EXERCISE DETAILS ▸
Begin at the line with "Este design apresenta" and set down each line exactly until the listing ends. Images stay out.

______________________________

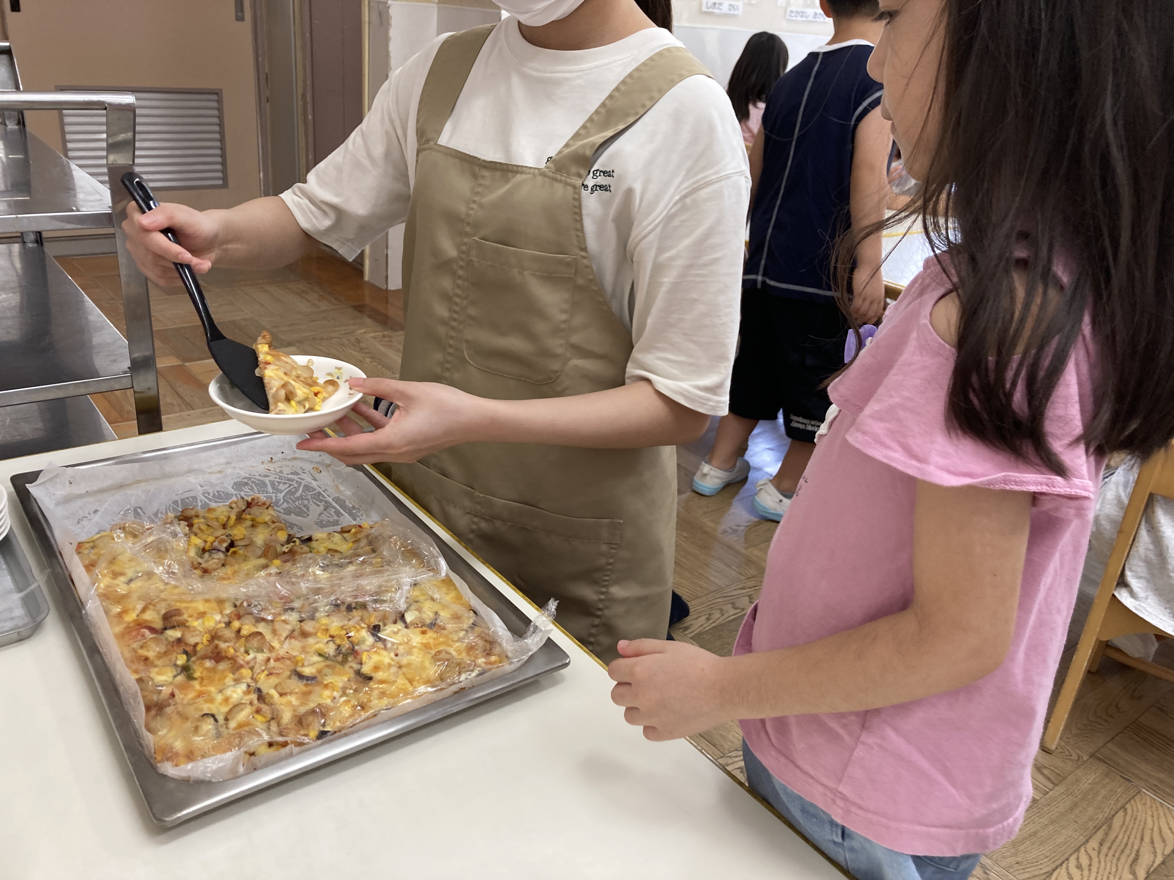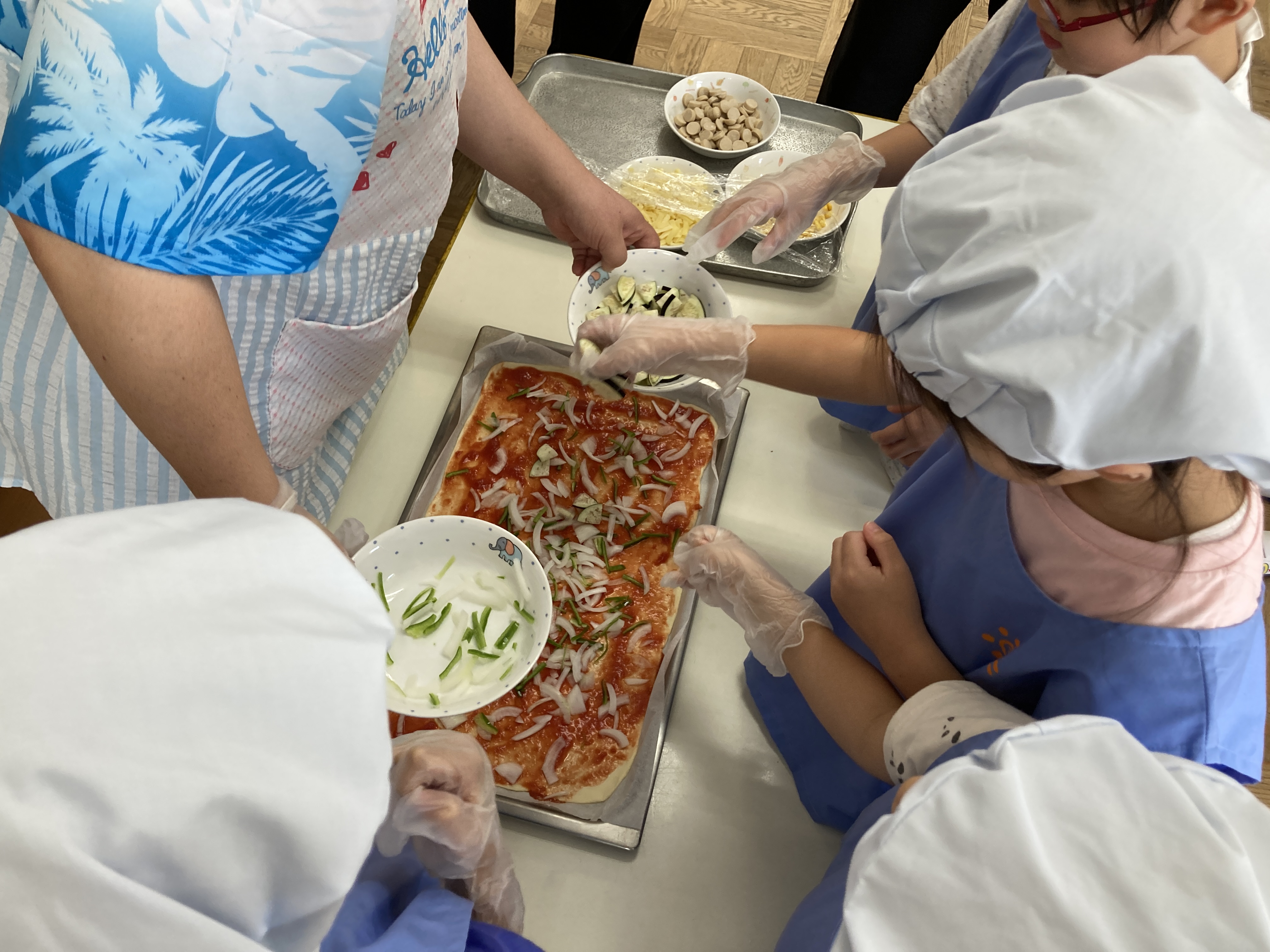 8月下旬のおやつで5歳児くじら組さんがピザ作りを行いました。生地をこねて具材を乗せるところを行ってくれました。具材は各クラスが畑で育てた、ナス・トマト・とうもろこしを入れていただき具だくさんの美味しいピザが出来上がりました。どのクラスもニコニコで食べていてあっという間に完食したお友達もいました。
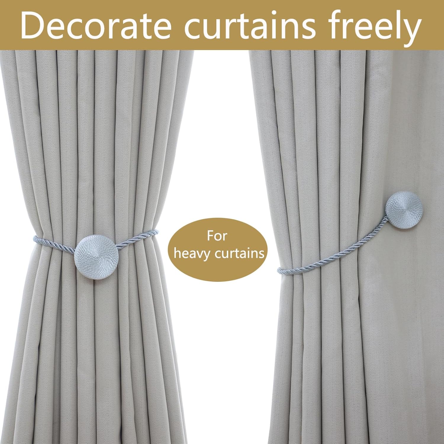 - 🎯 Versatile Styling Anywhere: Versatile for Any Room & Curtain: These magnetic curtain tiebacks perfect for thick blackout drapes or sheer curtains, used fully tied or half-tied. Perfect for living rooms, bedrooms, offices & bathrooms. European braided design blends with farmhouse, modern, or classic decor. Holds thickest curtains yet gentle on fabrics.
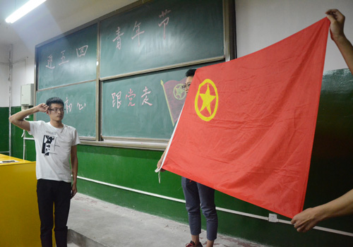 班会上,王保垒与同学们分享了五四青年节的由来,并要求同学们多了解中国的近代史,牢记历史,勿忘国耻。他向同学们讲解了机电系“三个出来”党员旗帜工程,并希望班内的团员以此为契机,在党的十九大即将召开之际积极响应号召,加强理论学习,培养专业素养,在实践中坚定自己的理想信念,不忘初心跟党走,培养自己的爱国情操。最后,王保垒组织同学们重温了入团誓词。(文: 申建正 图:葛丽媛)
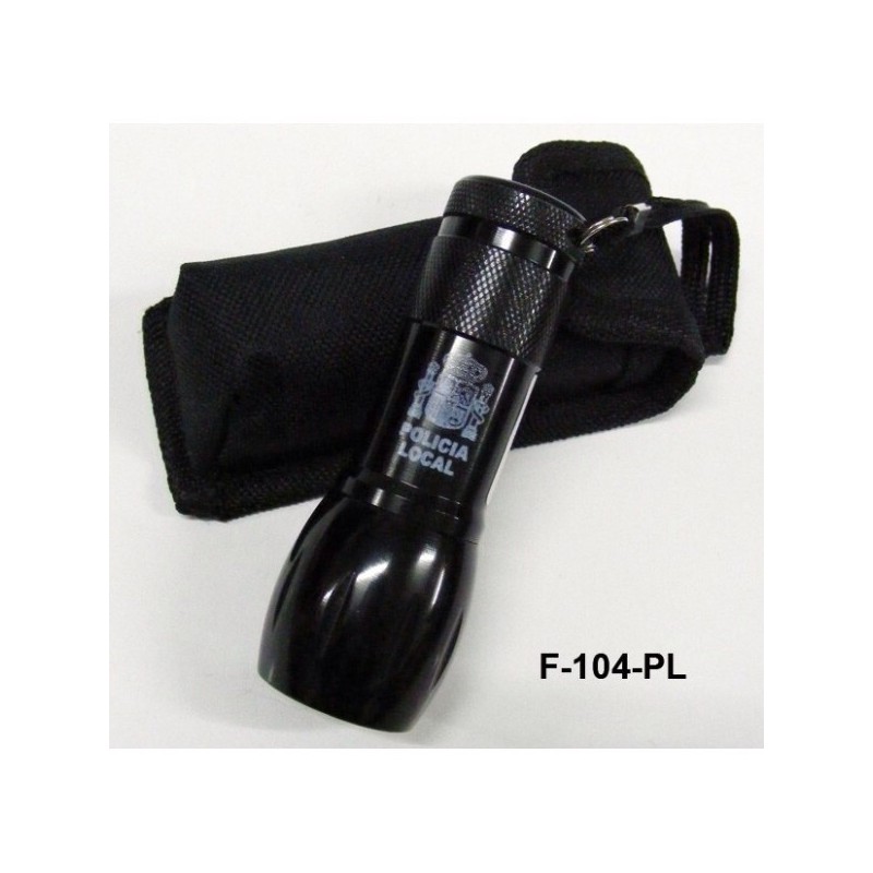 Linterna Guardia Civil, Poilcia N,. Policía L, Grabado + funda nylon, Cuerpo de aluminio, Emblema Constitucional.
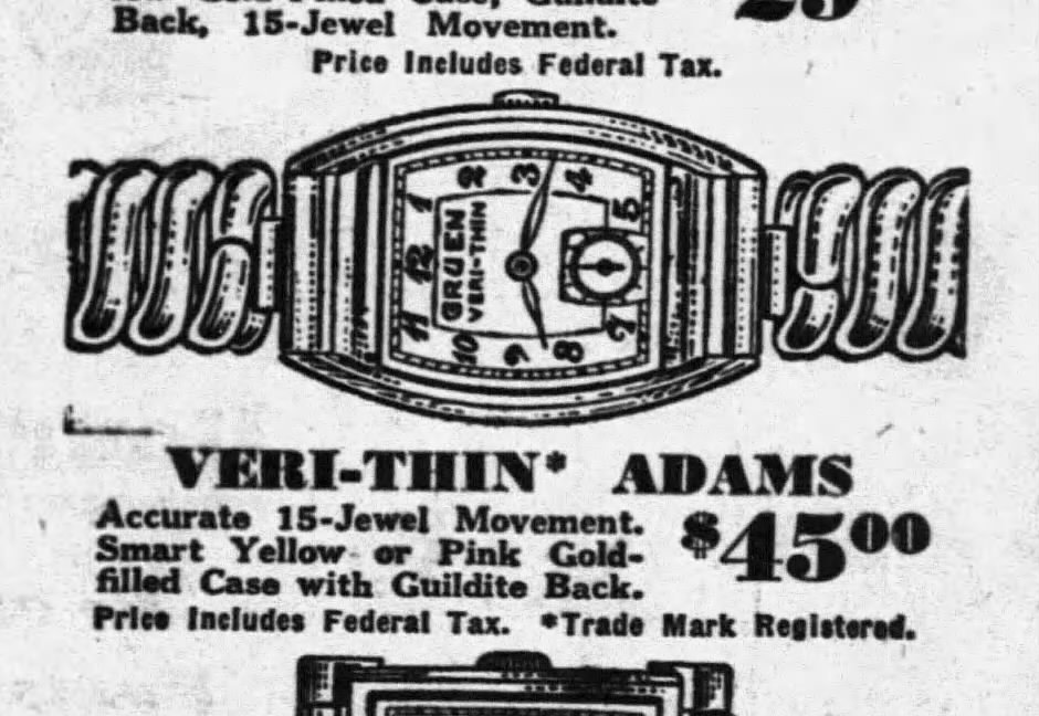 Anyway.... it is certainly the same case design from the ads, as the Adams. Isn't the first time that Gruen seemingly swapped a feature, such as band or case color to justify a different name. Thank you Barney; I've made some changes to the OP to reflect this.
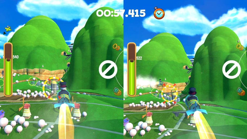 It could also do with a bit more of a robust tutorial on your plane’s different functions, because it took ages for me to figure out how to reload my water balloons! There’s also a lack of camera control, which can make manoeuvres in some spots quite difficult.
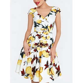 Retró 1950-es Rockabilly Térdig érő Köntösruha Swing ruha Flare ruha Szabályos Csapott Virágminta A-vonalú V-alakú Jelmez Női Farsang Valentin nap Vakáció Hétköznapi Hétköznapi viselet Felnőttek Ruha
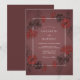 Este design apresenta uma estética sombria e dramática perfeita para um evento outonal ou de inverno. A paleta de rosa profundo é adornada com esboços artísticos de papoulas em tons de carmesim e carvão. Uma atmosfera sofisticada é criada através do uso de elementos florais escuros e cores terrosas e suaves.
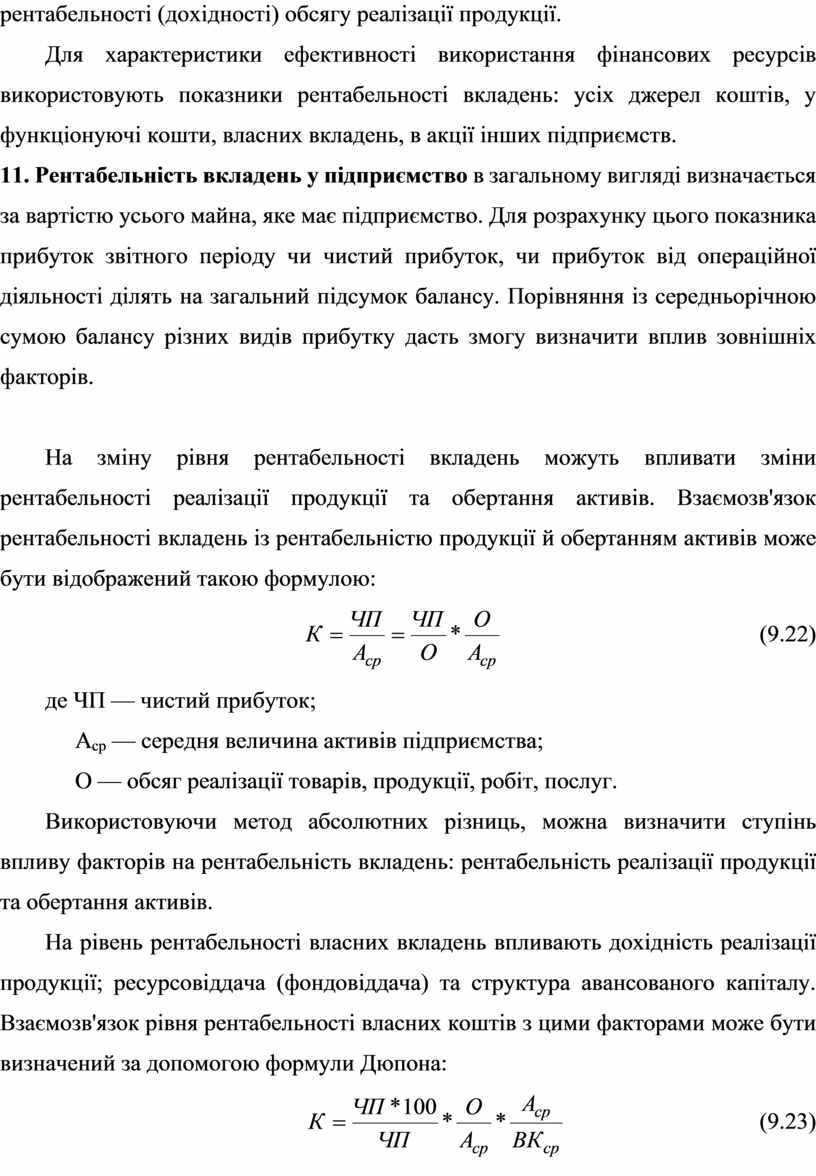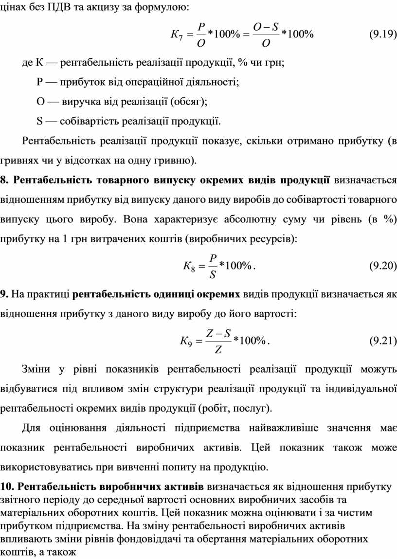 9. На практиці рентабельність одиниці окремих видів продукції визначається як відношення прибутку з даного виду виробу до його вартості:

______________________________

RESULT FOR THIS TASK ▸
 Este design apresenta uma estética sombria e dramática perfeita para um evento outonal ou de inverno. A paleta de rosa profundo é adornada com esboços artísticos de papoulas em tons de carmesim e carvão. Uma atmosfera sofisticada é criada através do uso de elementos florais escuros e cores terrosas e suaves.
 9. На практиці рентабельність одиниці окремих видів продукції визначається як відношення прибутку з даного виду виробу до його вартості:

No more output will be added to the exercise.